The ministers backed European Commission forecasts that the aggregate budget gap of the euro countries would rise to 1.8 percent of gross domestic product in 2009 from 1.3 percent seen this year and to 2.0 percent in 2010, unless policies change.

They also supported the Commission's estimate that euro zone economic growth would slow to a mere 0.1 percent next year from 1.2 percent expected in 2008 in the wake of the financial crisis.

EU Economic and Monetary Affairs Commissioner Joaquin Almunia said the widening of the deficit, mainly as a result of a natural fall in revenues and a rise in expenditure, already constituted a significant fiscal stimulus for the euro zone.

But while a general revival package for the whole euro zone was unnecessary, upholding public demand through targeted, short-term measures was crucial, Luxembourg's Juncker said.

"Growth is not being fuelled by private consumption or investment but by public demand," Juncker said. "It is a question of organising public demand in an orderly fashion.

"Public investment should continue to be at a high level. (Governments can use) fiscal or budgetary means to support short-term positive developments," he said.

Almunia welcomed the ministers' agreement to abide by the EU budget rules, the Stability and Growth Pact. He called it much-needed cooperation on the real economy, like earlier agreed measures to restore confidence in the banking system.

"There is a 100 percent consensus to implement the pact under these difficult circumstances," Almunia said.

"This is an extremely good substance of cooperation that there is peer support for those who had budgetary difficulties and peer pressure for those who have not decided yet how to comply with the Stability and Growth Pact," Almunia said.

The pact says EU countries should not run budget deficits higher than 3 percent of GDP or they will face disciplinary steps that could result in fines.
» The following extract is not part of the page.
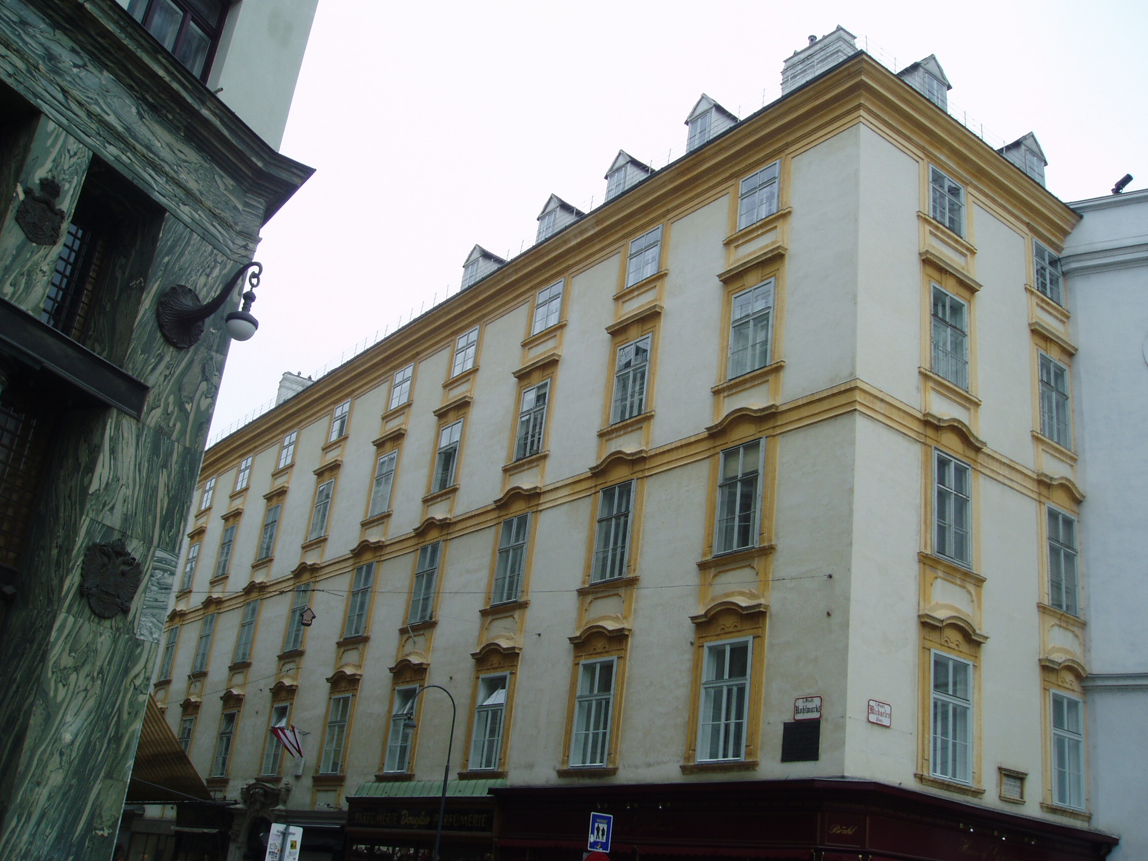 Nyilvános 1525 | 2368 | Kohlmarkt 11.Grosses Michaelerhaus | A "nagy" Szent Mihály-ház Bécs belvárosában, a Burghoz közel, a Szent Mihály templom (lásd: Michaelerplatz 1.) tőszomszédságában áll. Belső udvarán középkori összevisszaságban tapadnak egymáshoz és a szomszédos templom falához a kisebb-nagyobb toldaléképületek. Ebben a házban lakott 1750 és 1757 között a fiatal Joseph Haydn. Nyimorúságos padlásszobácskája volt itt, fűteni nem lehetett, s a rossz tetőszerkezeten át gyakran beesett hozzá az eső. Ekkoriban a szomszédos templom orgonistájaként működött. Vele egyidőben ugyanebben a házban lakott Pietro Metastasio, az udvari költő, és Nicola Porpora, a kitűnő muzsikus, énektanár. |

But it also says that in tough economic times, countries may take longer to bring such a shortfall back in line.

The Commission, executive arm of the European Union, encouraged those EU countries which had budgetary room for manoeuvre to make full use of the flexibility to cushion the economic slowdown.

OUTRIGHT EURO ZONE RECESSION POSSIBLE

The slowdown will boost unemployment to 8.4 percent of the workforce next year from 7.6 percent seen this year and to 8.7 percent in 2010, the Commission said.

It said EU economies had been hit by the financial crisis which was aggravating a housing-market correction in several countries during a time of rapidly fading external demand.

The Commission estimates that euro zone GDP fell 0.1 percent in the third quarter of 2008 after a 0.2 percent contraction in the second, adding up to two consecutive quarters of negative growth -- a common definition of technical recession.

The economy is to shrink 0.1 percent in quarterly terms in the fourth quarter, it said, and warned that further worsening in financial markets could push the euro zone into outright recession.

"A relatively moderate, 50-basis point, further increase in risk premium and a tightening of credit availability for households, not any longer a remote possibility, can trigger an outright recession -- a decline of 1 percent in GDP in 2009 -- in the euro area," the Commission said.

The Commission expects that the euro zone's three biggest economies, Germany, France and Italy, will stagnate next year while those of Ireland and Spain contract.

U.S. OUTLOOK WORSE

The euro zone outlook is still better than for the United States, whose economy the Commission forecasts to shrink 0.5 percent next year. The EU executive expects Japan to contract by 0.4 percent in 2009.

In the wider European Union, Britain's economy is seen shrinking 1 percent next year, the Baltic states of Estonia and Latvia will contract this year and next, and Lithuania will shrink in 2010, the forecasts showed.

Euro zone inflation is likely to slow to 2.2 percent next year from 3.5 percent seen this year and decelerate further to 2.1 percent in 2010, the Commission forecast.

The European Central Bank wants inflation to be just below 2 percent, but consumer-price growth was boosted by surging oil and food prices in the 12 months to mid-2008.

The bank has signalled it may cut interest rates in November as inflation risks have diminished, a prospect welcomed on Monday by BusinessEurope, an umbrella organisation for some 20 million European companies. (Writing by Jan Strupczewski, editing by Dale Hudson)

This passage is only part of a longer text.